<<<<

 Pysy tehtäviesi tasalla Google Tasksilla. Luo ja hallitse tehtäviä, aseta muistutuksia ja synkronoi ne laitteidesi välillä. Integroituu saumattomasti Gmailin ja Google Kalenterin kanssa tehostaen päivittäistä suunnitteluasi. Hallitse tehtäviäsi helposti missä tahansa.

>>>>
<<<<

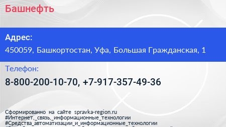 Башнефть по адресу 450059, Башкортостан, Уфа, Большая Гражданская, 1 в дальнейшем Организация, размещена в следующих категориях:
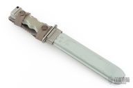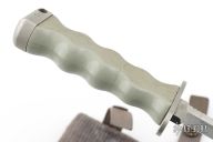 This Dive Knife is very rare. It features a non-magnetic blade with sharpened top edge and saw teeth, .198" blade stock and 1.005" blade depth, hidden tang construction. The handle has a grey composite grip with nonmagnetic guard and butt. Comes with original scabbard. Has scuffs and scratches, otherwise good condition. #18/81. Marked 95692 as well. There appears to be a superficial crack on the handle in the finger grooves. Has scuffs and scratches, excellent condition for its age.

>>>>
<<<<

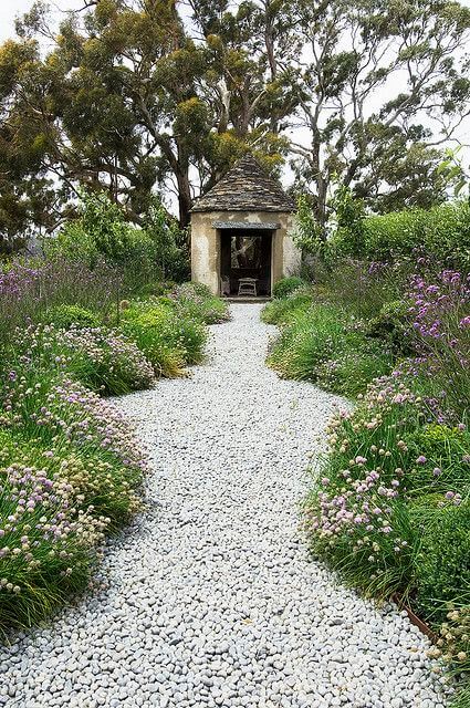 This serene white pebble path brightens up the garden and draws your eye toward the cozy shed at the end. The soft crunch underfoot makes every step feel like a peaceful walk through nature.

>>>>

### [Work item]
Exercise for the records above: copy only the lines from the one with "Башнефть по адресу" to the one with "This Dive Knife", both ends kept, and drop the pictures.

### [Expected answer]
 Башнефть по адресу 450059, Башкортостан, Уфа, Большая Гражданская, 1 в дальнейшем Организация, размещена в следующих категориях:
 This Dive Knife is very rare. It features a non-magnetic blade with sharpened top edge and saw teeth, .198" blade stock and 1.005" blade depth, hidden tang construction. The handle has a grey composite grip with nonmagnetic guard and butt. Comes with original scabbard. Has scuffs and scratches, otherwise good condition. #18/81. Marked 95692 as well. There appears to be a superficial crack on the handle in the finger grooves. Has scuffs and scratches, excellent condition for its age.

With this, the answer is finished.